Нелегалу вскоре удалось установить хорошие связи с фирмами, выпускавшими материалы для химчисток – химикаты, машины… Через некоторое время ему предложили стать представителем фирмы во многих странах, кроме самой Италии. Козлова это вполне устраивало. Это расширяло его оперативные возможности. Он был прописан в Риме, но находился там по два-три месяца. Остальное время приходилось на поездки по другим странам, это: Египет, Иордания, Израиль, Кувейт, Ливан, Саудовская Аравия и другие страны.

Для поездки по регионам нередко возникали определенные сложности.
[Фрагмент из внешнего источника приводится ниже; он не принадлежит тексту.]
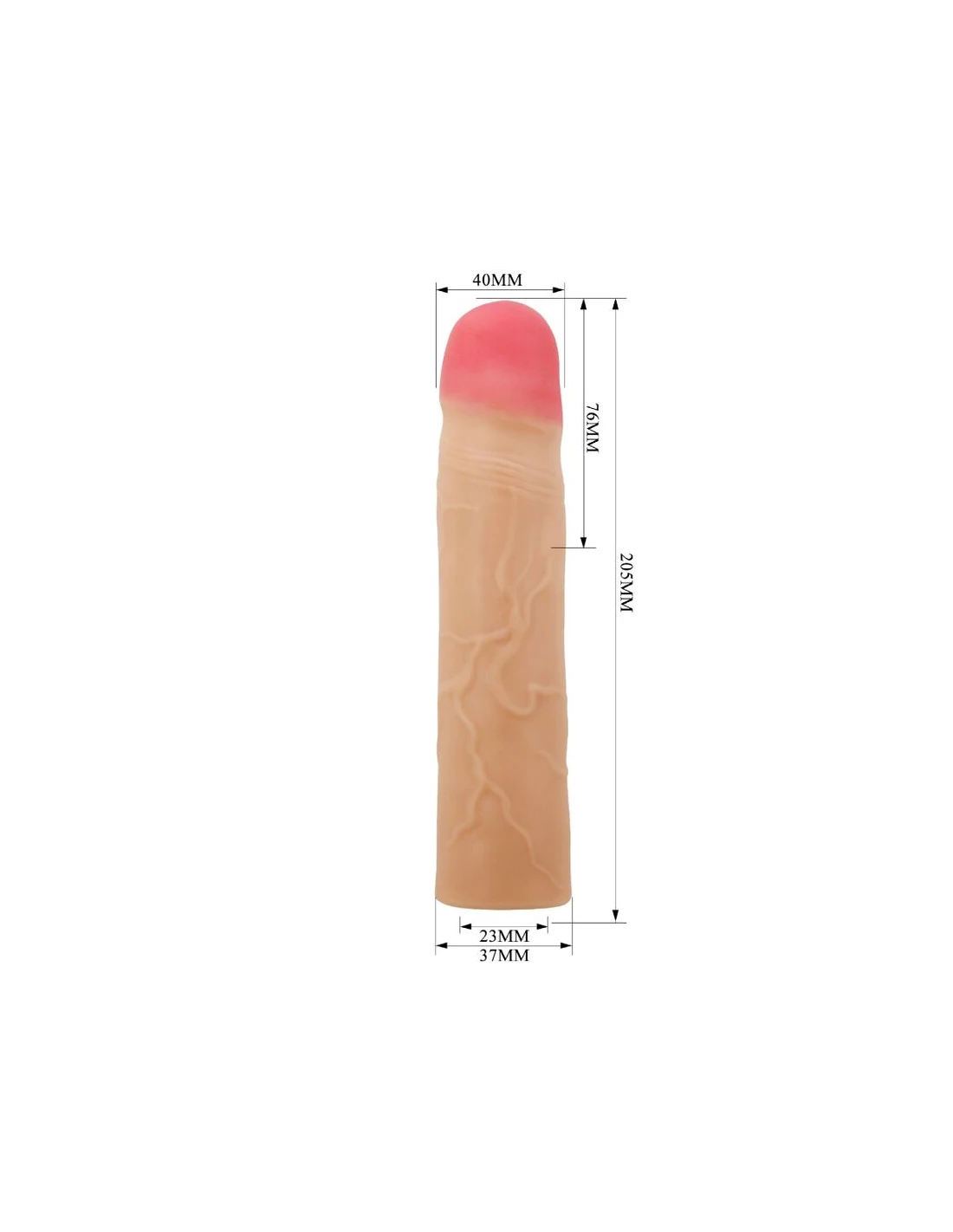 Aumente el tamaño de su pene con el extensor de pene de placer. Hecha de material ultra realista para un placer ultra realista, esta funda le brinda 3 pulgadas adicionales de largo, 35 % de circunferencia.

Если, скажем, в то время у человека в паспорте были израильские отметки, проставленные на КПП о въезде в эту страну, его не пропустили бы ни в одно арабское государство. В этом случае нашему разведчику пришлось идти в посольство ФРГ и решить каким-то образом эту проблему. В посольстве ему выдали новый паспорт-дубликат, с которым Козлов разъезжал по арабскому Востоку. То есть один паспорт был для Израиля, другой – для арабского мира.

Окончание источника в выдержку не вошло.